Directions for this task: Return all of the data verbatim, dropping any picture.

Available data:
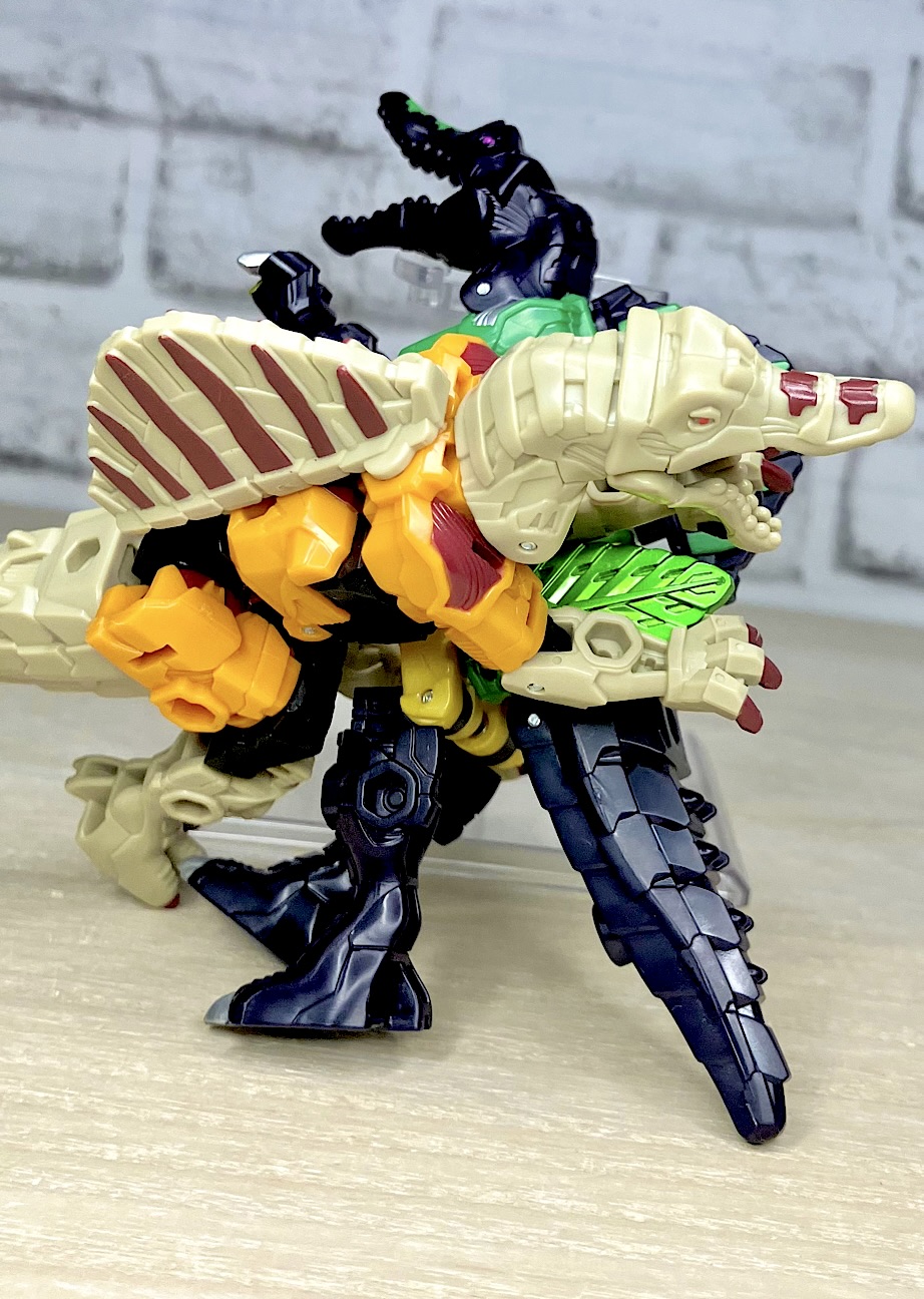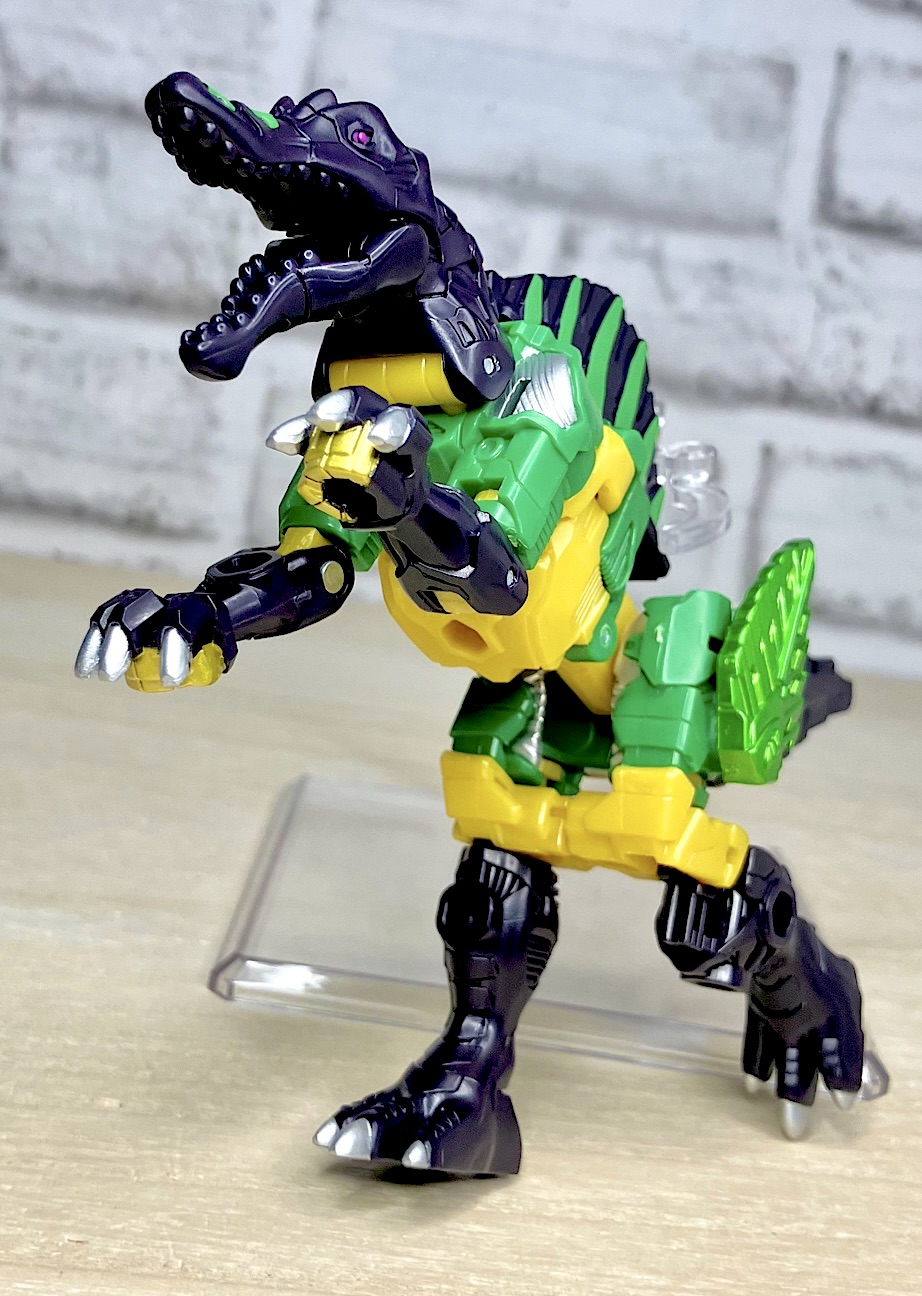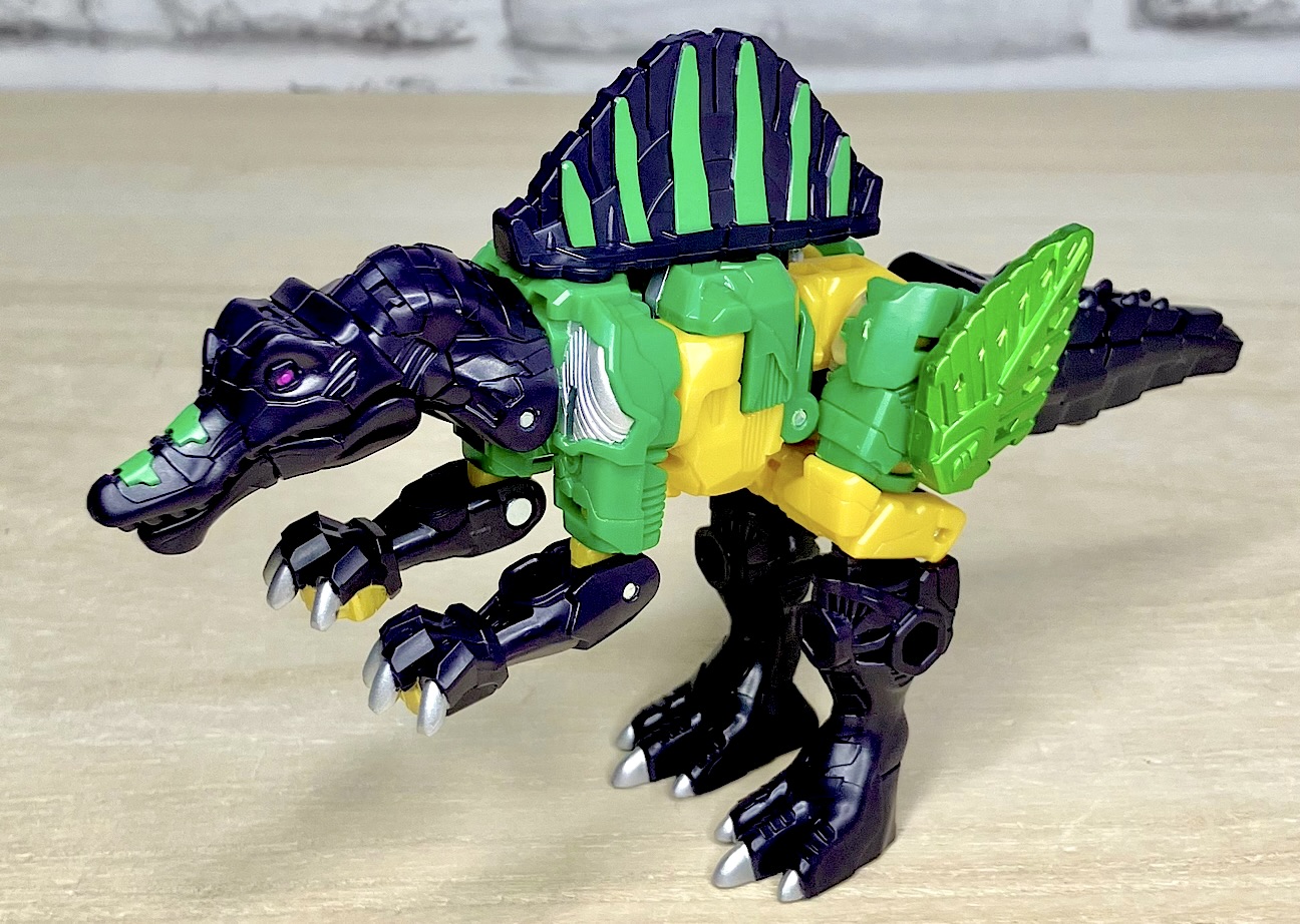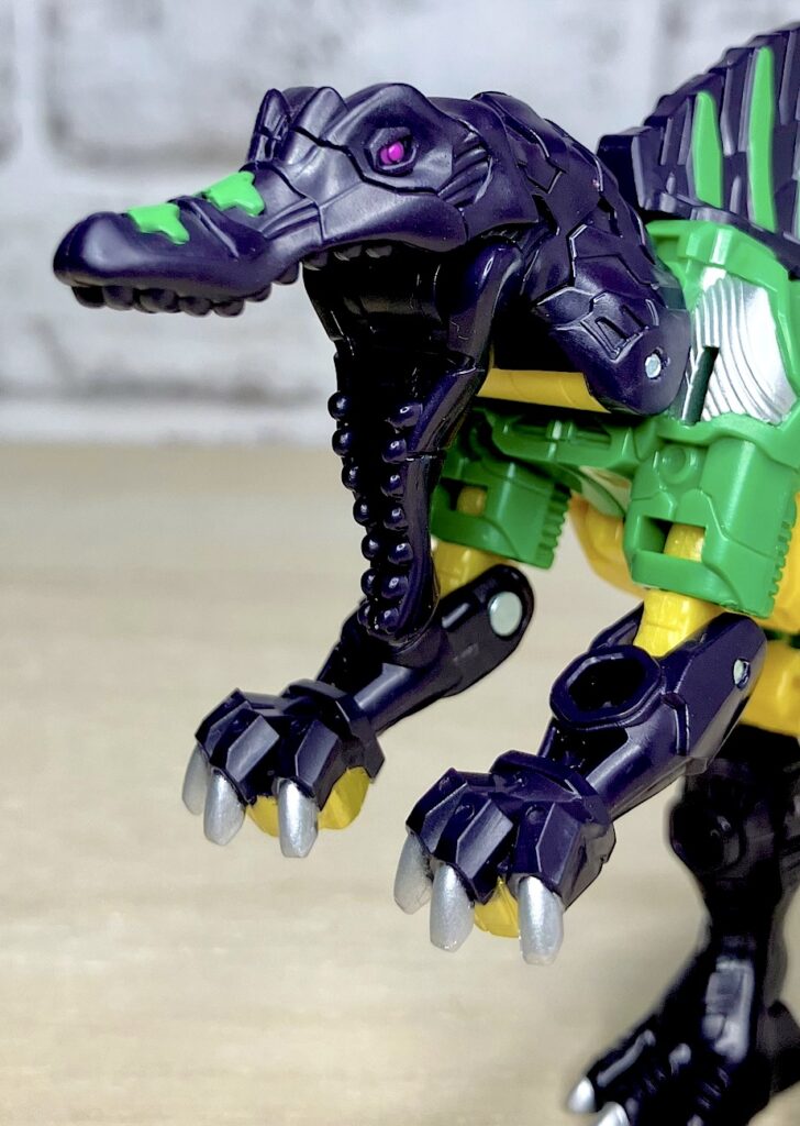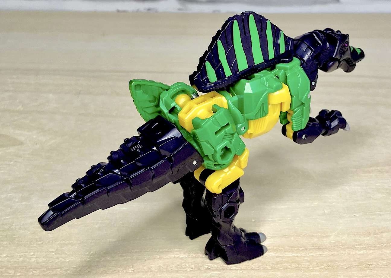 【ビーストモード】メカスピノサウルスに変形。背びれパーツによりボリュームはなかなか。ちなみに背中にはその背びれパーツが付いているので、エナジーは側面に付けます。
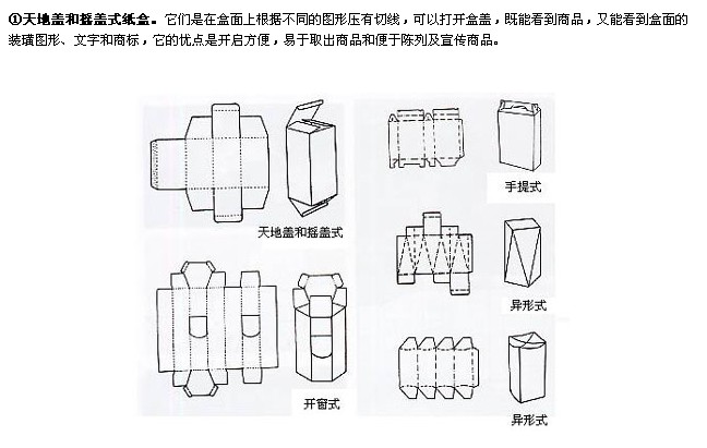 這種形式的紙盒式常用在禮盒包裝中,其特點是便于攜帶。但要注意產品的體積、重量、材料及提手的構造是否相當,以免消費者在使用過程中損壞。
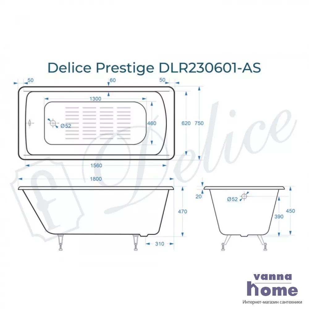 Ванна чугунная Delice Prestige 180x75 с антискользящим покрытием
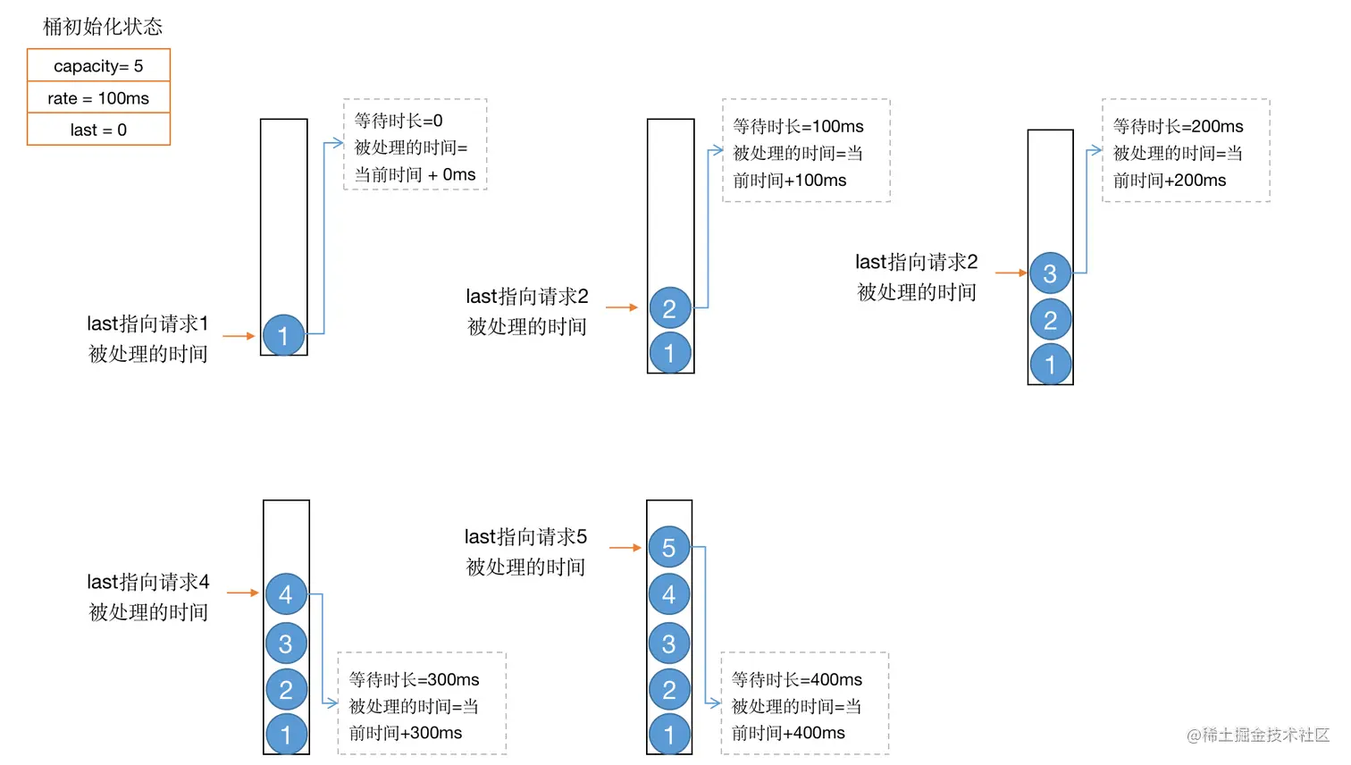 假设现在LeakyBucket是一个空桶,按100ms处理一个请求的速率漏出,容量大小为5。现在同时有5个请求流入桶中,我们看看每个请求经过Limit是如何计算各自的预计处理时间以及等待时间的。

Your response:
 【ビーストモード】メカスピノサウルスに変形。背びれパーツによりボリュームはなかなか。ちなみに背中にはその背びれパーツが付いているので、エナジーは側面に付けます。
 這種形式的紙盒式常用在禮盒包裝中,其特點是便于攜帶。但要注意產品的體積、重量、材料及提手的構造是否相當,以免消費者在使用過程中損壞。
 Ванна чугунная Delice Prestige 180x75 с антискользящим покрытием
 假设现在LeakyBucket是一个空桶,按100ms处理一个请求的速率漏出,容量大小为5。现在同时有5个请求流入桶中,我们看看每个请求经过Limit是如何计算各自的预计处理时间以及等待时间的。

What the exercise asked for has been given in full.